__Work to be completed__: Every line of the records below that has the word "communication" should be copied.

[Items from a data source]
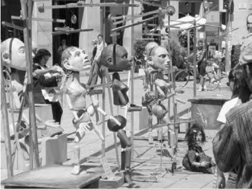
Figure 10.4 Expression and communication becomes a performance, where the non-verbal expression may be performed on its own, or be combined with verbal expression of uttering words and sentences (Barcelona, Spain).

the performer's acts and the audience's reception and reaction to them in these forms of direct or technologically-mediated communication. These distinctions also direct us to potential gaps in communication and understanding, where one side's intentions are not shared by the other side. To bridge any potential gap, we resort to social conventions, which are commonly understood and shared, even if differently interpreted. These conventions help create a public infrastructure of behavioural codes which individuals employ in the hope of linking the performer and the audience.
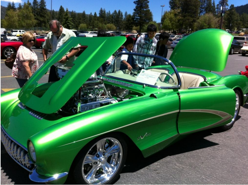
A bit of a different look for a C1

Taken at Corvettes at the Lake 2012, in Lake Tahoe
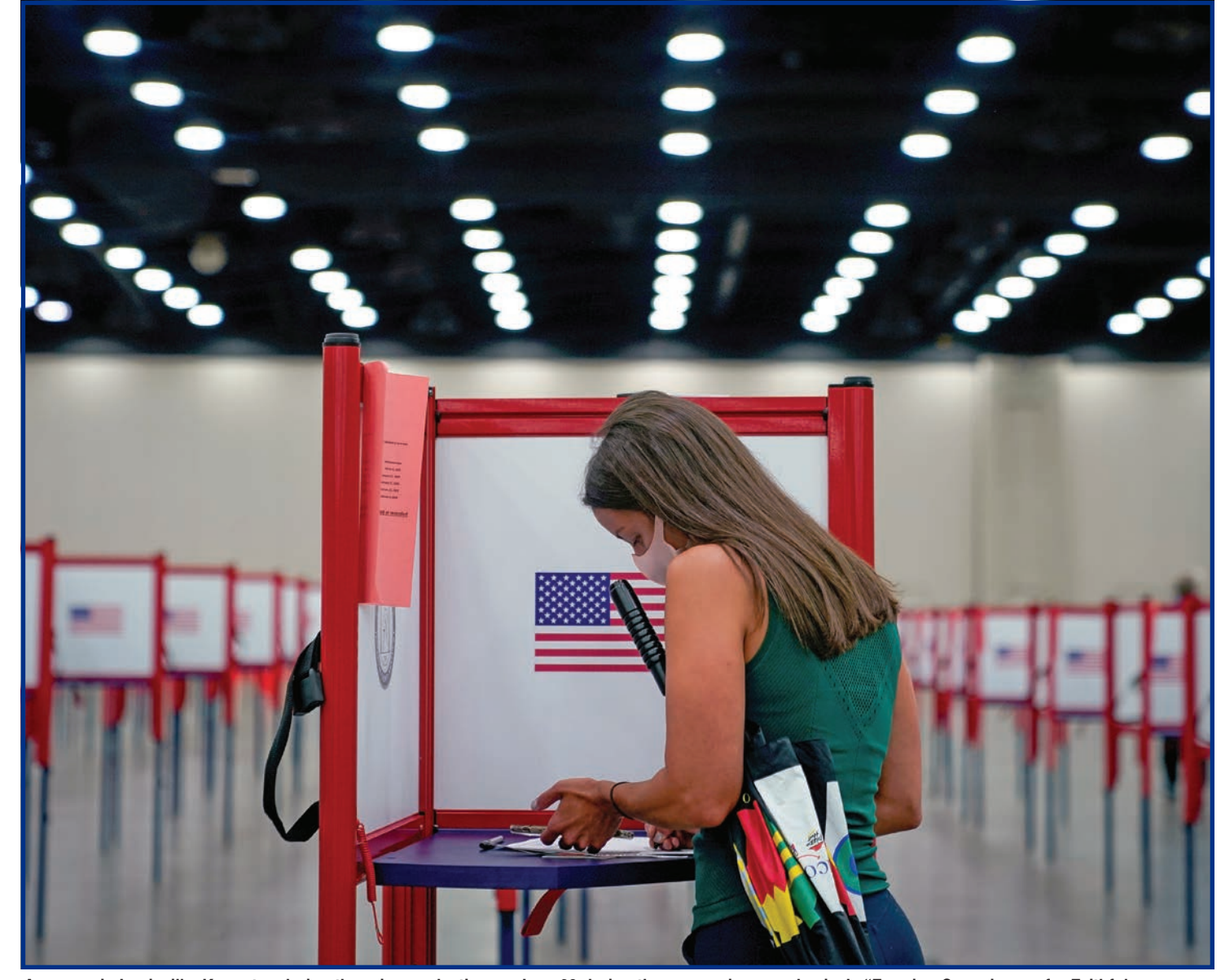
A woman in Louisville, Ky., votes during the primary election on June 23 during the coronavirus pandemic. In "Forming Consciences for Faithful Citizenship," the bishops in the U.S. offer guidance to help voters make moral choices in voting.

The first temptation, the bishops note, is to miss the ethical distinctions between different issues: "The direct and
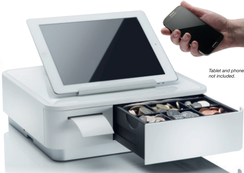
Tablet and phone not included.

Outstanding connectivity and design, plus intuitive functionality and simple integration are delivered ready to work with your chosen, mobile, software and card payment system. Welcome to a new era for mPOS.
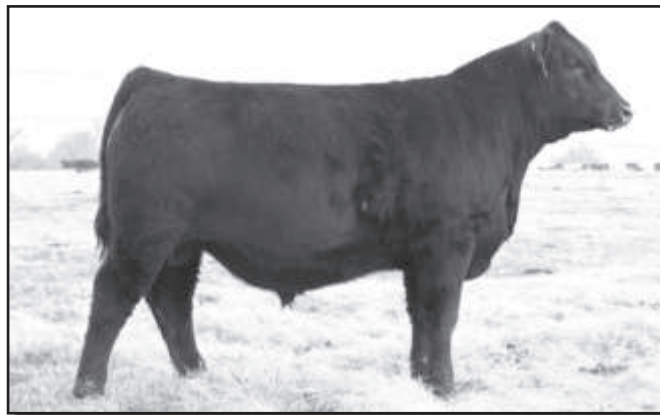
Kesslers Majestic 9724 - Lot 10

__Written solution__:
Figure 10.4 Expression and communication becomes a performance, where the non-verbal expression may be performed on its own, or be combined with verbal expression of uttering words and sentences (Barcelona, Spain).
the performer's acts and the audience's reception and reaction to them in these forms of direct or technologically-mediated communication. These distinctions also direct us to potential gaps in communication and understanding, where one side's intentions are not shared by the other side. To bridge any potential gap, we resort to social conventions, which are commonly understood and shared, even if differently interpreted. These conventions help create a public infrastructure of behavioural codes which individuals employ in the hope of linking the performer and the audience.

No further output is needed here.